Datasets are often stored on disk or at a URL in [.csv format](https://wikipedia.org/wiki/Comma-separated_values).

A well-formed .csv file contains column names in the first row, followed by many rows of data.  A comma divides each value in each row. For example, here are the first five rows of the .csv file holding the California Housing Dataset:

```
"longitude","latitude","housing_median_age","total_rooms","total_bedrooms","population","households","median_income","median_house_value"
-114.310000,34.190000,15.000000,5612.000000,1283.000000,1015.000000,472.000000,1.493600,66900.000000
-114.470000,34.400000,19.000000,7650.000000,1901.000000,1129.000000,463.000000,1.820000,80100.000000
-114.560000,33.690000,17.000000,720.000000,174.000000,333.000000,117.000000,1.650900,85700.000000
-114.570000,33.640000,14.000000,1501.000000,337.000000,515.000000,226.000000,3.191700,73400.000000
```



### Load the .csv file into a pandas DataFrame

This Colab, like many machine learning programs, gathers the .csv file and stores the data in memory as a pandas Dataframe.  Pandas is an open source Python library.  The primary datatype in pandas is a DataFrame.  You can imagine a pandas DataFrame as a spreadsheet in which each row is identified by a number and each column by a name. Pandas is itself built on another open source Python library called NumPy. If you aren't familiar with these technologies, please view these two quick tutorials:

*   [NumPy](https://colab.research.google.com/github/google/eng-edu/blob/main/ml/cc/exercises/numpy_ultraquick_tutorial.ipynb?utm_source=linearregressionreal-colab&utm_medium=colab&utm_campaign=colab-external&utm_content=numpy_tf2-colab&hl=en)
*   [Pandas DataFrames](https://colab.research.google.com/github/google/eng-edu/blob/main/ml/cc/exercises/pandas_dataframe_ultraquick_tutorial.ipynb?utm_source=linearregressionreal-colab&utm_medium=colab&utm_campaign=colab-external&utm_content=pandas_tf2-colab&hl=en)

The following code cell imports the .csv file into a pandas DataFrame and scales the values in the label (`median_house_value`):

In [None]:
# Import the dataset.
training_df = pd.read_csv(filepath_or_buffer="https://download.mlcc.google.com/mledu-datasets/california_housing_train.csv")

# Scale the label.
training_df["median_house_value"] /= 1000.0

# Print the first rows of the pandas DataFrame.
training_df.head()

Scaling `median_house_value` puts the value of each house in units of thousands. Scaling will keep loss values and learning rates in a friendlier range.  

Although scaling a label is usually *not* essential, scaling features in a multi-feature model usually *is* essential.

## Examine the dataset

A large part of most machine learning projects is getting to know your data. The pandas API provides a `describe` function that outputs the following statistics about every column in the DataFrame:

* `count`, which is the number of rows in that column. Ideally, `count` contains the same value for every column.

* `mean` and `std`, which contain the mean and standard deviation of the values in each column.

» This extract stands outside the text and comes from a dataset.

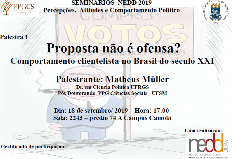 Proposta não é ofensa? Comportamento clientelista no Brasil do século XXI” será palestrado por Matheus Muller, doutor em Ciência Política/UFRGS e Pós-doutorando no PPG Ciências Sociais/UFSM.

* `min` and `max`, which contain the lowest and highest values in each column.

* `25%`, `50%`, `75%`, which contain various [quantiles](https://developers.google.com/machine-learning/glossary/#quantile).

In [None]:
# Get statistics on the dataset.
training_df.describe()

### Task 1: Identify anomalies in the dataset

Do you see any anomalies (strange values) in the data?

In [None]:
#@title Double-click to view a possible answer.

# The maximum value (max) of several columns seems very
# high compared to the other quantiles. For example,
# example the total_rooms column. Given the quantile
# values (25%, 50%, and 75%), you might expect the
# max value of total_rooms to be approximately
# 5,000 or possibly 10,000. However, the max value
# is actually 37,937.

# When you see anomalies in a column, become more careful
# about using that column as a feature. That said,
# anomalies in potential features sometimes mirror
# anomalies in the label, which could make the column
# be (or seem to be) a powerful feature.
# Also, as you will see later in the course, you
# might be able to represent (pre-process) raw data
# in order to make columns into useful features.

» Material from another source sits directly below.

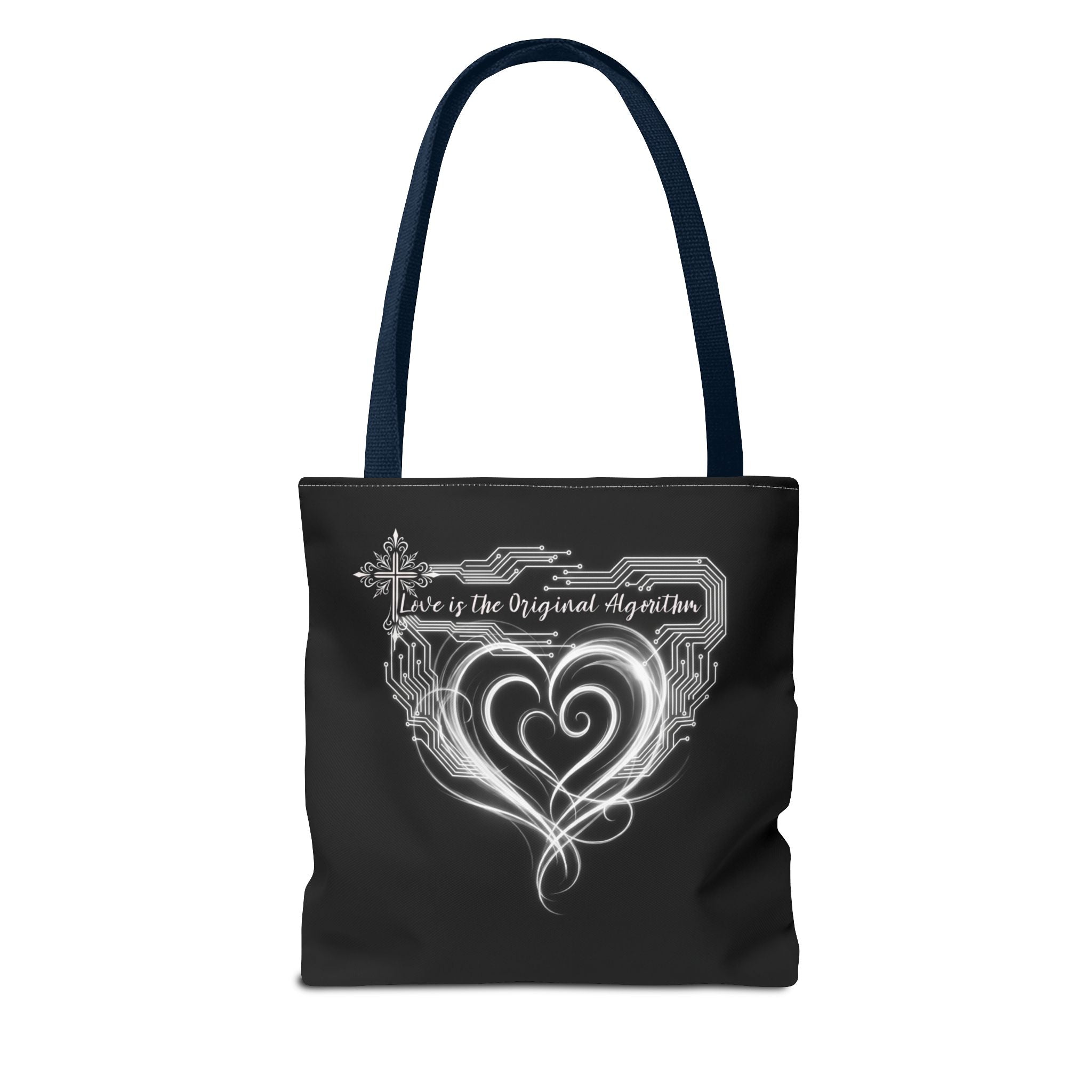 Black Heart Art Tote — "Love is the Original Algorithm" All-Over Print Tote Bag

## Define functions that build and train a model

The following code defines two functions:

  * `build_model(my_learning_rate)`, which builds a randomly-initialized model.
  * `train_model(model, feature, label, epochs)`, which trains the model from the examples (feature and label) you pass.

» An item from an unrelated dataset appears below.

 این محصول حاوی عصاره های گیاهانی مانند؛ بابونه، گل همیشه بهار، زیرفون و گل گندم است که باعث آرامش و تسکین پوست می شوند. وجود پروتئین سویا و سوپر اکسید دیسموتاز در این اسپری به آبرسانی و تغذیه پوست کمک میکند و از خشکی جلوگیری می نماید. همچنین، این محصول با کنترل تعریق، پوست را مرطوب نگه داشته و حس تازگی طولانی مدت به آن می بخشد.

Since you don't need to understand model building code right now, we've hidden this code cell.  You may optionally double-click the following headline to see the code that builds and trains a model.

In [None]:
def build_model(my_learning_rate):
  tf_model = tf.keras.models.Sequential()
  tf_model.add(tf.keras.layers.Dense(units=1, input_shape=(1,)))
  tf_model.compile(optimizer = tf.keras.optimizers.experimental.RMSprop(learning_rate=my_learning_rate),
                   loss = 'mean_squared_error', metrics = [tf.keras.metrics.RootMeanSquaredError()])
  return tf_model

def train_model(model, df, feature, label, epochs, batch_size):
  fitmodel = model.fit(x = df[feature],
                       y = df[label],
                       batch_size = batch_size,
                       epochs = epochs)
  weight = model.get_weights()[0]
  bias = model.get_weights()[1]

  epochs = fitmodel.epoch # gets the number of epoch from train

  hide = pd.DataFrame(fitmodel.history) # will convert the training history into a df

  rmse = hide["root_mean_squared_error"]

  return weight, bias, epochs, rmse

Two functions were created - the first one is to create the model that takes the parameter of my_learning_rate. The model that was used for this is a sequential model using Keras. A dense is also added to create a simple linear regression model with one input feature. The model is then compiled by specifying the optimizer (RMSprop), loss function (MSE), and metrics (RMSE) for the training. As for the training function, a Keras model is created that will be used to train on the provided data.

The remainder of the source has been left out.